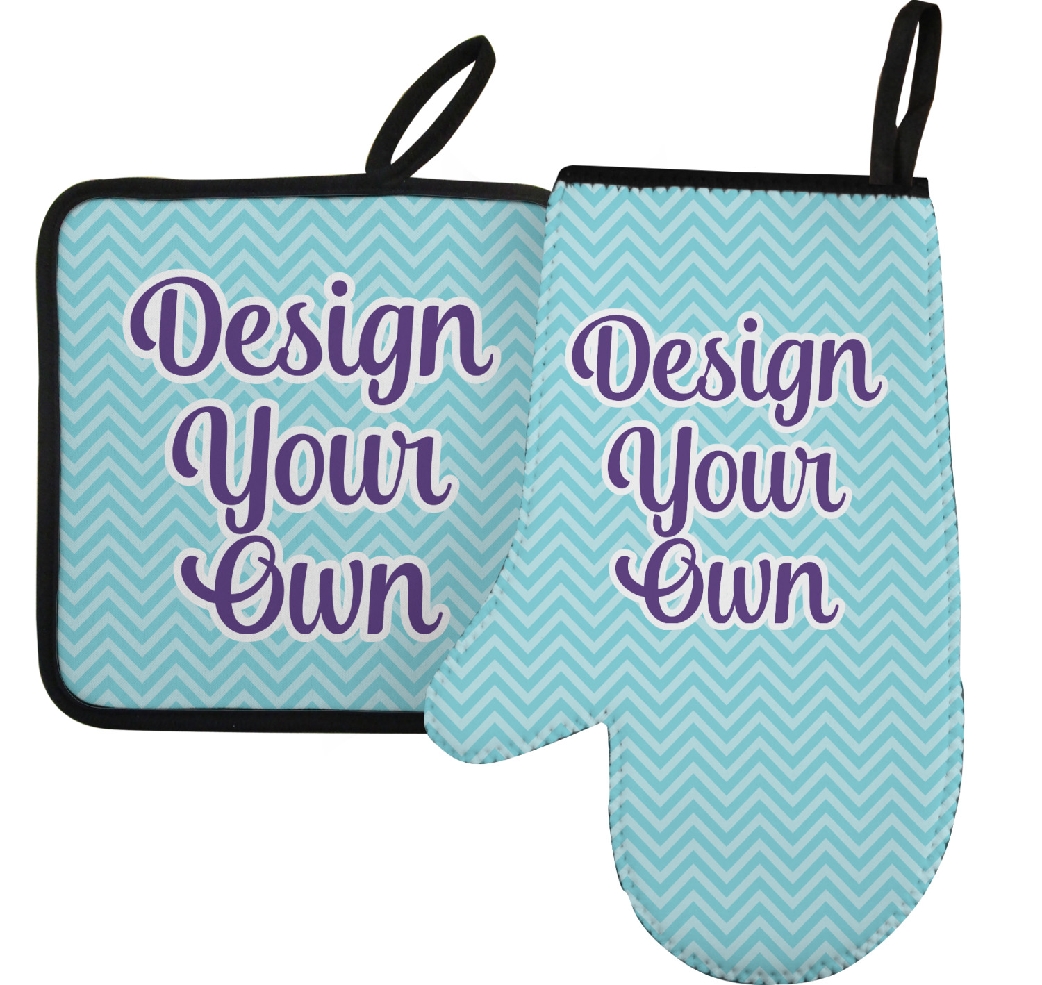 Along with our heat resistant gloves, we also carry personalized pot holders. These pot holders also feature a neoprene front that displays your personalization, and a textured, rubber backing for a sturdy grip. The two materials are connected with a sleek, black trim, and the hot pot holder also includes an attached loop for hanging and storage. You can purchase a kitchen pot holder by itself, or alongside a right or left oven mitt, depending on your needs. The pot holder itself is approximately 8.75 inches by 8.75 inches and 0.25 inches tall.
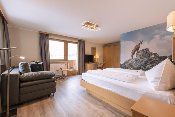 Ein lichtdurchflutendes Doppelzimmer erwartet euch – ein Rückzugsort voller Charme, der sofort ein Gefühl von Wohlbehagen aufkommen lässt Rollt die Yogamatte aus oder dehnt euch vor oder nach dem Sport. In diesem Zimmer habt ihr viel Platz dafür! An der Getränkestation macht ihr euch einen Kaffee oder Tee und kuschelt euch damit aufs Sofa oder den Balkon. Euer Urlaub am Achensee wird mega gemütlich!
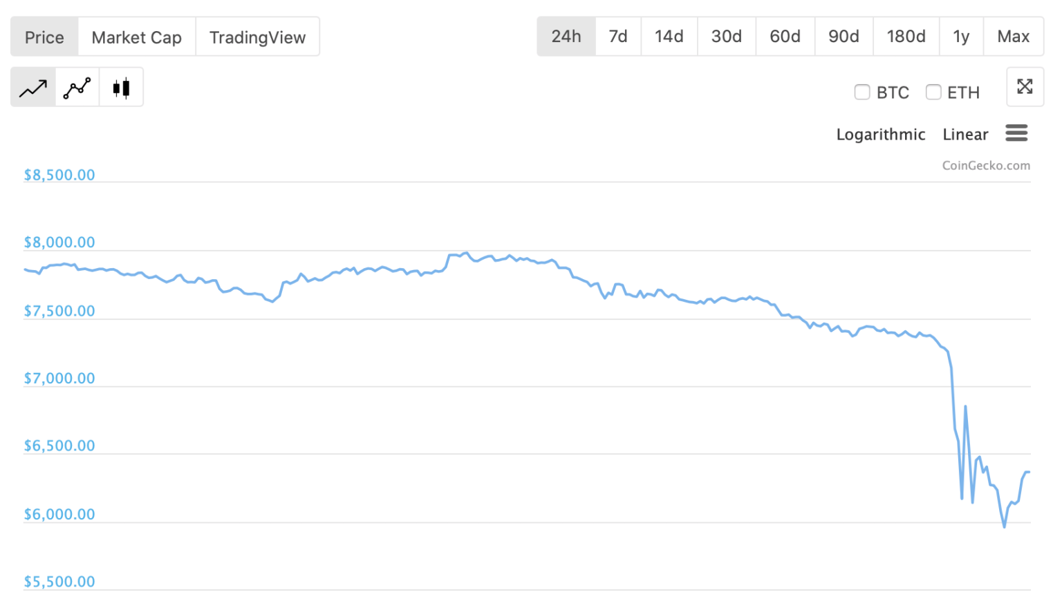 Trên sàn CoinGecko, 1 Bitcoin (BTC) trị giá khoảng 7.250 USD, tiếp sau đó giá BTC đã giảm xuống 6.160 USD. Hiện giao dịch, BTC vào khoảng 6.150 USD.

● **WHAT THE EXERCISE ASKS**: Reproduce all of the data exactly, omitting each picture it holds.

● **RESPONSE BOX**:
 Along with our heat resistant gloves, we also carry personalized pot holders. These pot holders also feature a neoprene front that displays your personalization, and a textured, rubber backing for a sturdy grip. The two materials are connected with a sleek, black trim, and the hot pot holder also includes an attached loop for hanging and storage. You can purchase a kitchen pot holder by itself, or alongside a right or left oven mitt, depending on your needs. The pot holder itself is approximately 8.75 inches by 8.75 inches and 0.25 inches tall.
 Ein lichtdurchflutendes Doppelzimmer erwartet euch – ein Rückzugsort voller Charme, der sofort ein Gefühl von Wohlbehagen aufkommen lässt Rollt die Yogamatte aus oder dehnt euch vor oder nach dem Sport. In diesem Zimmer habt ihr viel Platz dafür! An der Getränkestation macht ihr euch einen Kaffee oder Tee und kuschelt euch damit aufs Sofa oder den Balkon. Euer Urlaub am Achensee wird mega gemütlich!
 Trên sàn CoinGecko, 1 Bitcoin (BTC) trị giá khoảng 7.250 USD, tiếp sau đó giá BTC đã giảm xuống 6.160 USD. Hiện giao dịch, BTC vào khoảng 6.150 USD.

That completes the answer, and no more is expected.